«У Сергея Михайловича были огромные прекрасные серо-синие глаза, очень похожие на глаза его деда, знаменитого историка С. М. Соловьева, и дяди Вл. Соловьева. Лицо его было вообще очень красивым, но ростом он был невысок, несколько сутуловат, и на всем его облике лежал отпечаток какой-то скованности и тяжести, точно что-то над ним тяготело. Я никогда не могла себя почувствовать легко и просто с ним» (М. Морозова. Андрей Белый).
«Страшное наследство легло на крутые плечи Сергея Соловьева. Дед – знаменитый историк; из дядей один – популярный романист, другой – известный философ; тетка – поэтесса; отец – образованнейший мыслитель; мать – художница; бабушка – беллетристка. Подобное наследство не может не обязывать. Но вместе с культурным богатством двух поколений Соловьеву пришлось принять также наследие психопатологическое. Черная туча помешательства медленно двигалась и росла.
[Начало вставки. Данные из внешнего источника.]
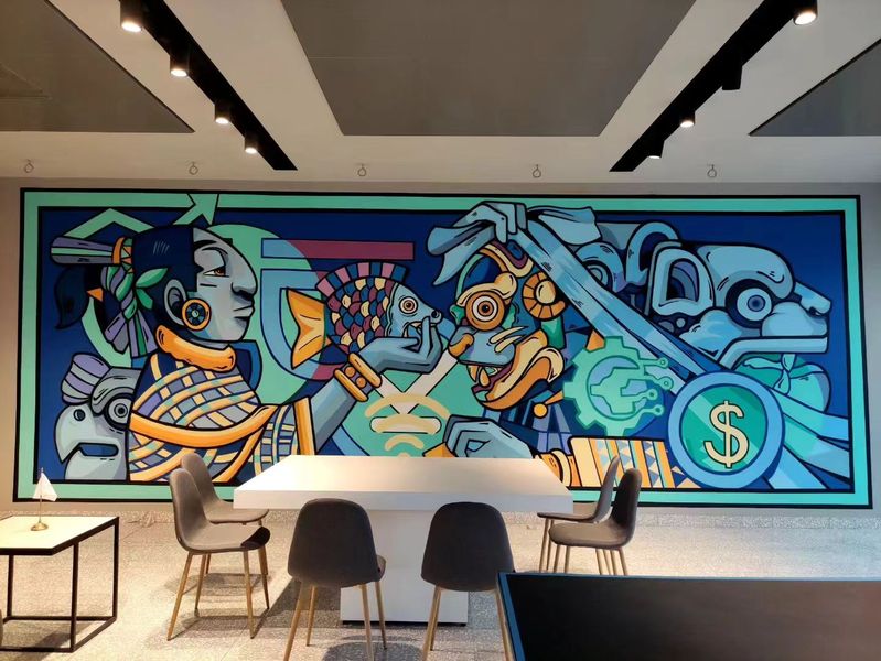 咖啡厅餐厅彩绘-互联网公司彩绘酒吧墙绘-墙绘浮雕培训
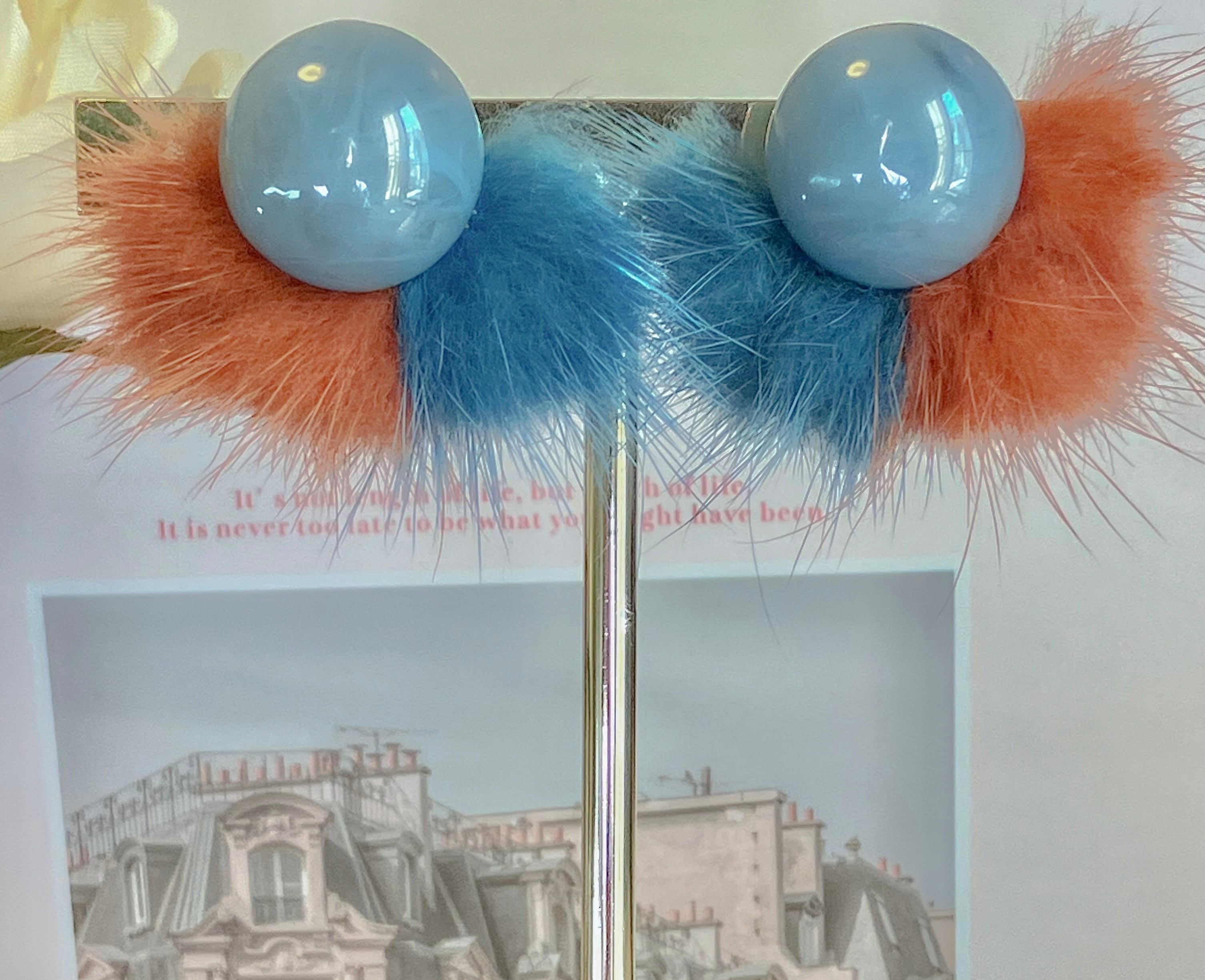 ニュアンスブルーとファーの2wayサージカルステンレスピアス color Blue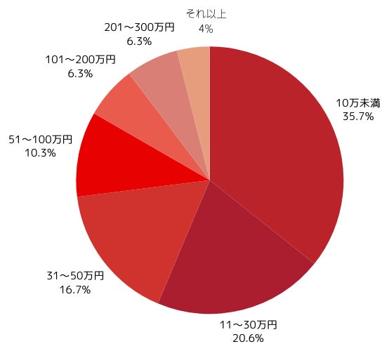 「10万円未満」が35.7%で最も多かった。また、「11〜30万円」(20.6%)がこれに続き、回答はほぼ金額順となったが、「それ以上(300万円以上)」との回答も4%あった。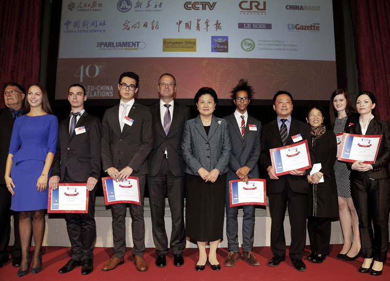 9月15日,在比利时首都布鲁塞尔,中国江南平台入口 副总理刘延东(中)出席“中国精彩无限”征集活动颁奖仪式,并与获奖者等人合影。新华社记者 周磊 摄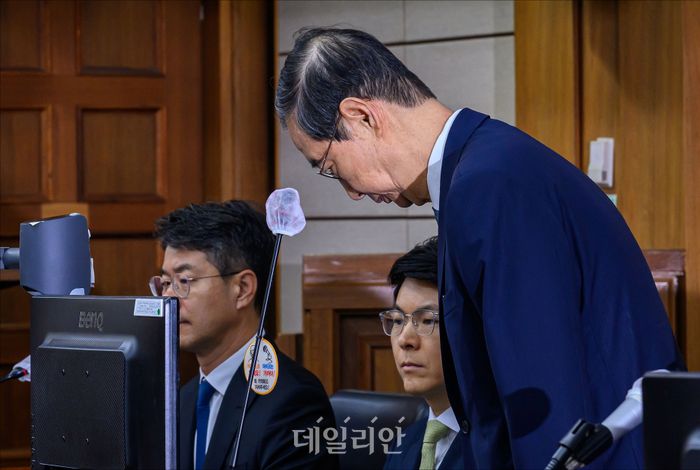 '내란 방조' 혐의로 특검에 기소된 한덕수 전 국무총리가 30일 오전 서울 서초구 서울중앙지방법원에서 열린 첫 공판에 출석하고 있다.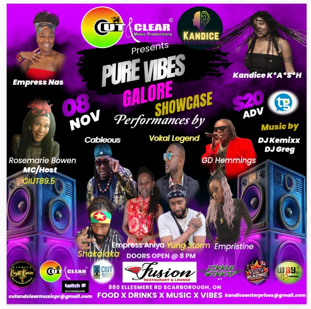 Come join us on November 8, 2025 and fulljoy the vibe at the Pure Vibes Galore Showcase. It will be a fun-filled entertaining night where both local and international artistes will gather under one roof and bring you their pure vibe through their art/craft/gift (Kandice K*A*S*H, Vokal Legend, Empress Aniya, Empristine, Cableous, Yung Storm, Shakalaka, GD Flemming...) Be sure to wear your dancing shoes as DJ Kemixx of Likkle Wikkid Int Sound and DJ Greg of Everblazing Sound entertain you and get your waistline moving, with the latest and the greatest in dancehall, reggae, soca... The event will be hosted by Rosemarie Bowen of CIUT 89.5fm. The event will be held at 880 Ellesmere Rd, Scarborough, Ontario, Canada. Doors open at 8pm, artistes merch will be displayed and available for purchase until 9:30pm, Showtime 10pm. Mark your calendars, get your tickets and bring your friends along. Let's make this night one to remember!
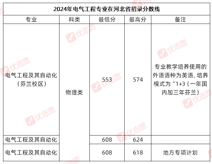 2024年,电气工程及其自动化专业在河北省设置3个招生方向,具体内容如下: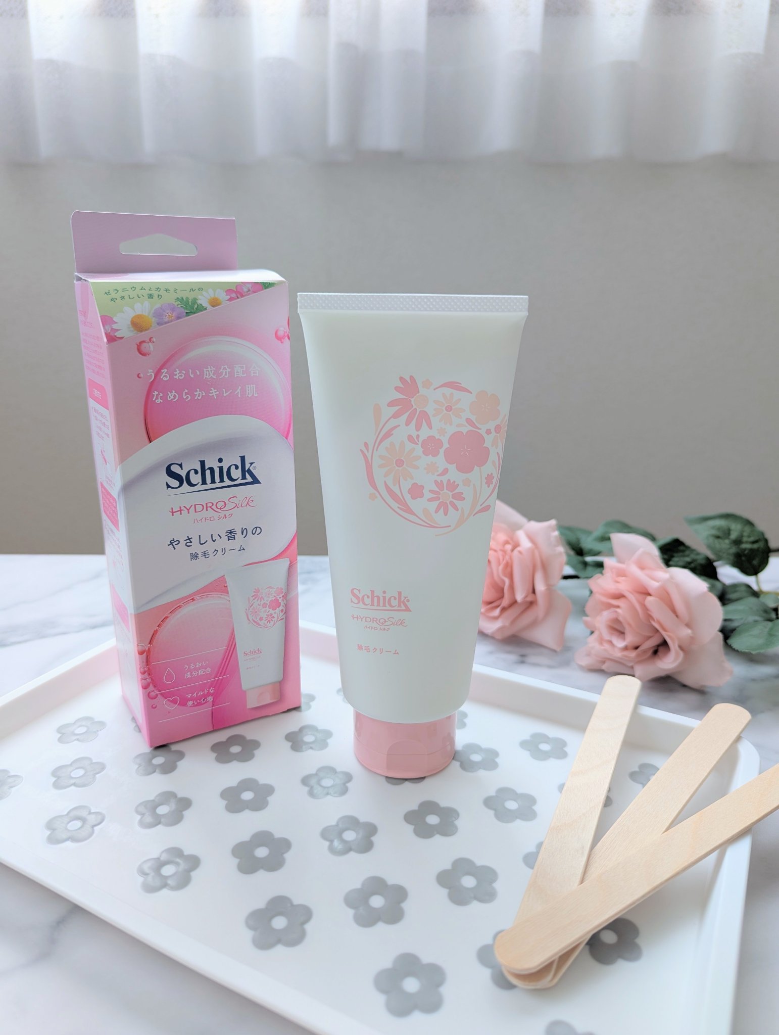 アットコスメさんのキャンペーンでシックハイドロシルク除毛クリーム頂きました✧••✧シックハイドロシルク除毛クリーム✧••✧パッケージホワイト×ピンク付属品木製のヘラ3本香りゼラニウム×カモミールの香り使い方適量を除毛する部分に出し、付属のヘラ...
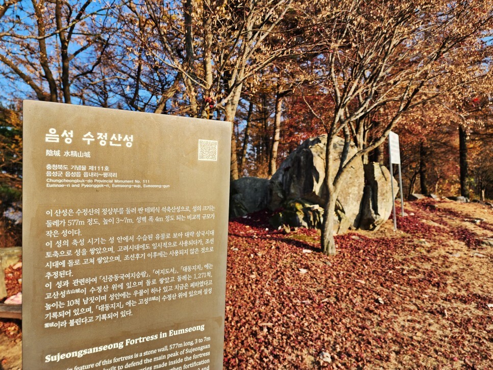 충청북도에는 보은 삼년산성과 청주 상당산성, 단양 온달산성 등 걷기 좋은 산성길이 많습니다. 오늘은 음성읍에서 가까운 거리에 있는 수정산성 둘레길을 걸으며 점점 멀어져 가는 가을을 배웅하며 계절의 변화를 느끼고 왔습니다.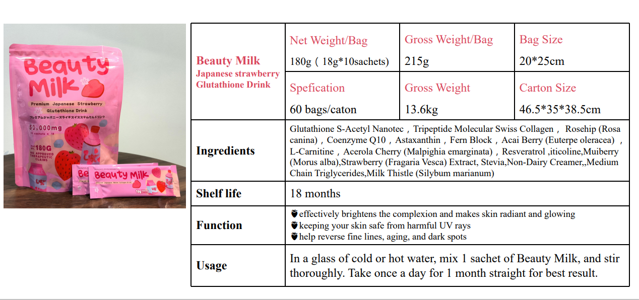 Product details of Beauty Milk Strawberry Collagen Glutathione

В двадцать лет имеет он вид тридцатилетнего; усы пробились у него на тринадцатом году; приземистый, тучный, краснощекий, с раскатистым звонким смехом, с блестящими глазами, Соловьев казался юношей цветущего здоровья; аппетитом обладал он неимоверным.
И все это было обманчиво и непрочно, как культ Эллады и Рима, как поклонение Пушкину, как деревенская идиллия с рыбной ловлей и любовью к прекрасной поселянке – все, в чем искал исцеления несчастный поэт. Ничто не помогло» (Б. Садовской. «Весы». Воспоминания сотрудника. 1908–1909).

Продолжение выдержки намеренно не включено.